Scientific and business practices are increasingly resulting in large collections of randomized experiments. Analyzed together, these collections can tell us things that individual experiments in the collection cannot. We study how to learn causal relationships between variables from such collections when the number experiments is large, many experiments have very small effects, and the analyst lacks metadata (e.g., descriptions of the interventions). Here we use experimental groups as instrumental variables (IV) and show that a standard method (two-stage least squares) is biased even when the number of experiments is infinite. We show how a sparsity-inducing $l_0$ regularization can --- in a reversal of the standard bias--variance tradeoff in regularization --- reduce bias and MSE of interventional predictions. We propose a cross-validation procedure (IVCV) to feasibly select the regularization parameter.
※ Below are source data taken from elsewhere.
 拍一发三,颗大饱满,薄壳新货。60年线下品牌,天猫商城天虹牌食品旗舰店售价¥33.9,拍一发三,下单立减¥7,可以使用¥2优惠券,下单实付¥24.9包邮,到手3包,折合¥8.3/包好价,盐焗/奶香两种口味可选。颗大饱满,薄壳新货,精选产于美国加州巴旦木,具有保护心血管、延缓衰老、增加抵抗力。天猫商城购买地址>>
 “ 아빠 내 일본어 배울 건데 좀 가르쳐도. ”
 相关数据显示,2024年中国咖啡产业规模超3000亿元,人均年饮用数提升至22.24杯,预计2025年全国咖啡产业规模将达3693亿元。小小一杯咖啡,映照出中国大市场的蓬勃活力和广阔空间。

Using a trick from Monte Carlo sampling, IVCV can be done using summary statistics instead of raw data, thus making it simple to use in many real-world applications.
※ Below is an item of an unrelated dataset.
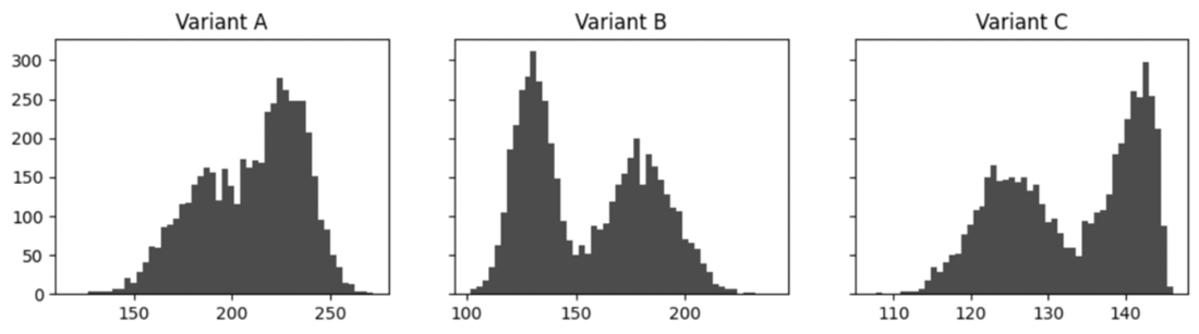 You are an analyst on a product analytics team at a software company. The product team is evaluating whether one of the new page versions on the app leads to customers completing a workflow faster. You were asked to conduct a between-subjects ANOVA to assess the results of an A/B/C test. In your diligence as an analyst, you start by exploring the distributions of data to check the assumption of normality. The distributions look like this: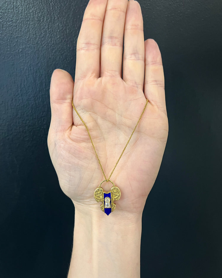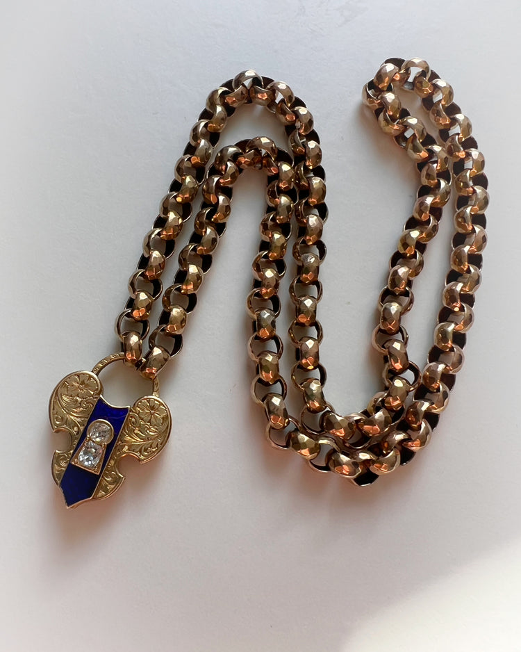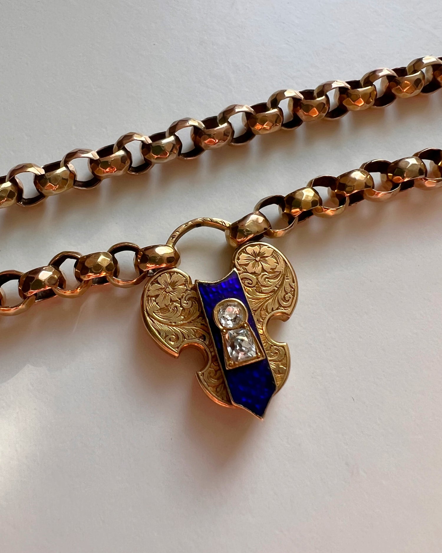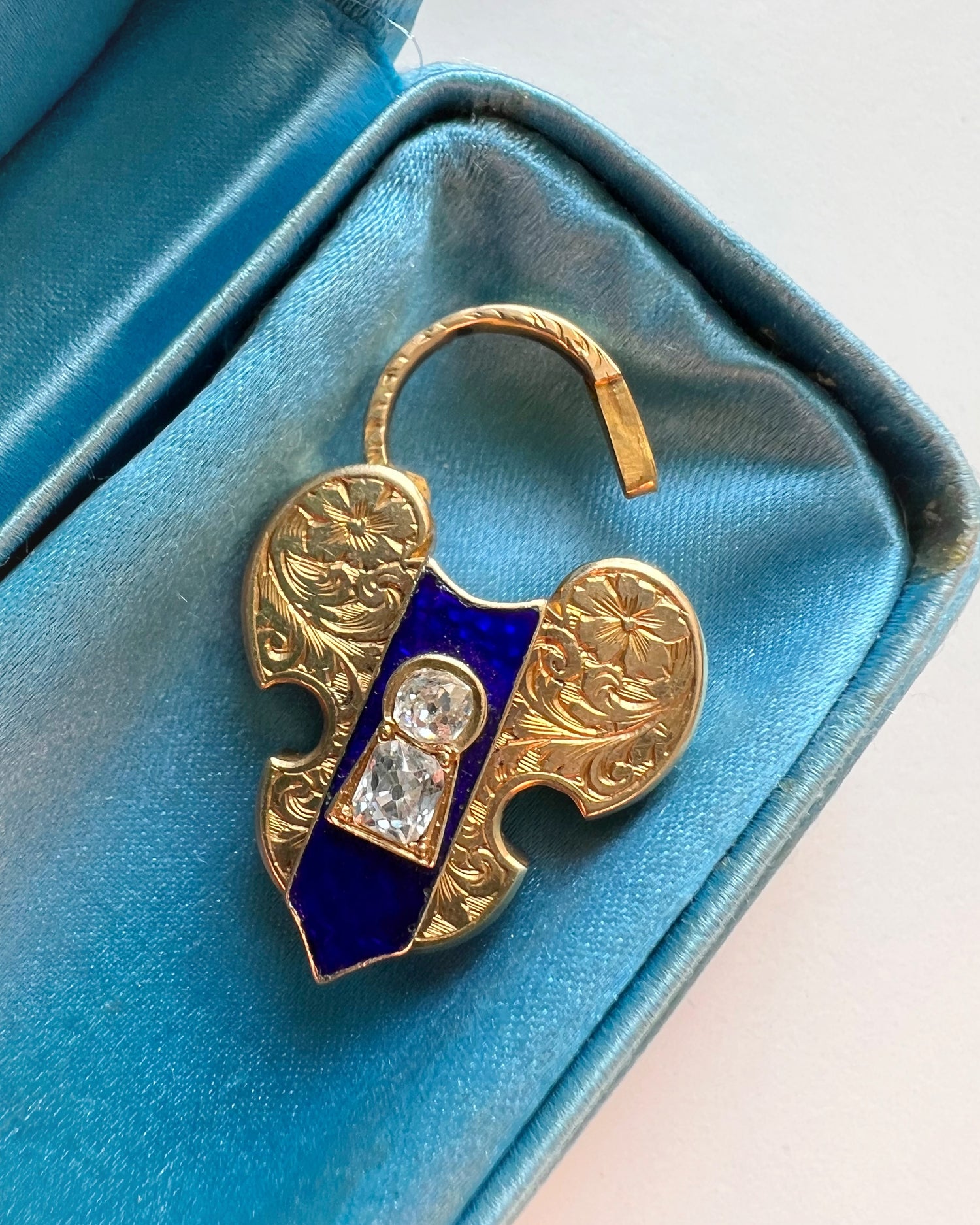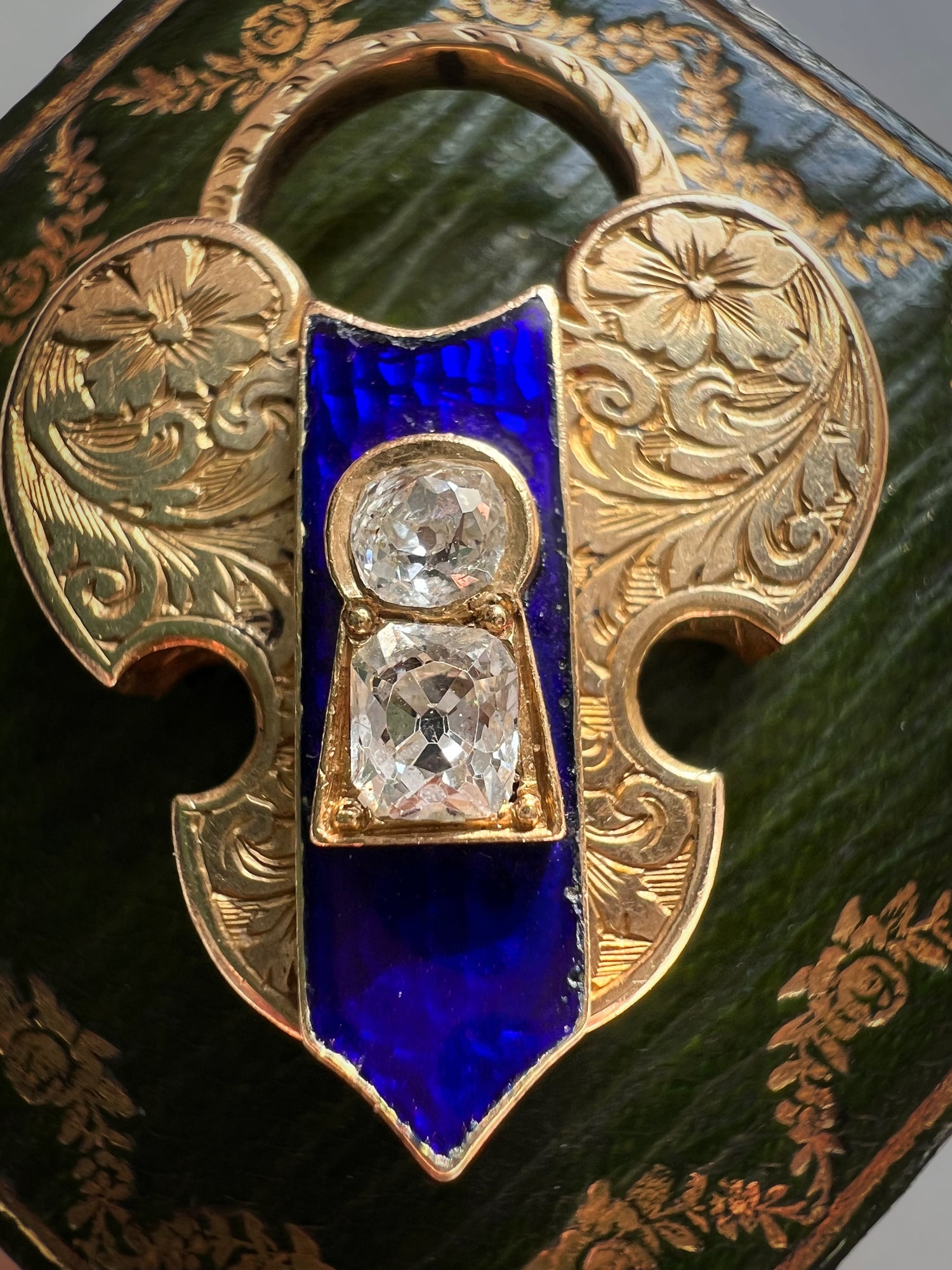 VICTORIAN 18CT GOLD & DIAMOND HEART PADLOCK

**Discovering causation in data**

#### Abstract

The aim of machine learning is to discover dependencies between variables, and use these dependencies to provide predictions. This is in stark contrast to other sciences, which aim at discovering causal relations between variables, and using these causal relations to provide with explanations. Since machine learning ignores the differences between dependence and causation, current machine learning algorithms excel at prediction by exploiting indirect dependencies, are unable to explain their outcomes, need large amounts of data to solve the task at hand, and fail when facing distributional shifts --- such as adversarial perturbations. In this talk, we ask the question: Can machine learning evolve and address these problems by discovering and leveraging causation? We will conjecture that this is the case, by 1) developing a novel and theoretically sustained framework to uncover causal relations between pairs of variables, 2) exemplifying the preliminary use of these methods in computer vision and natural language understanding tasks, and 3) moving towards the multivariate case thanks to the use of Generative Adversarial Networks.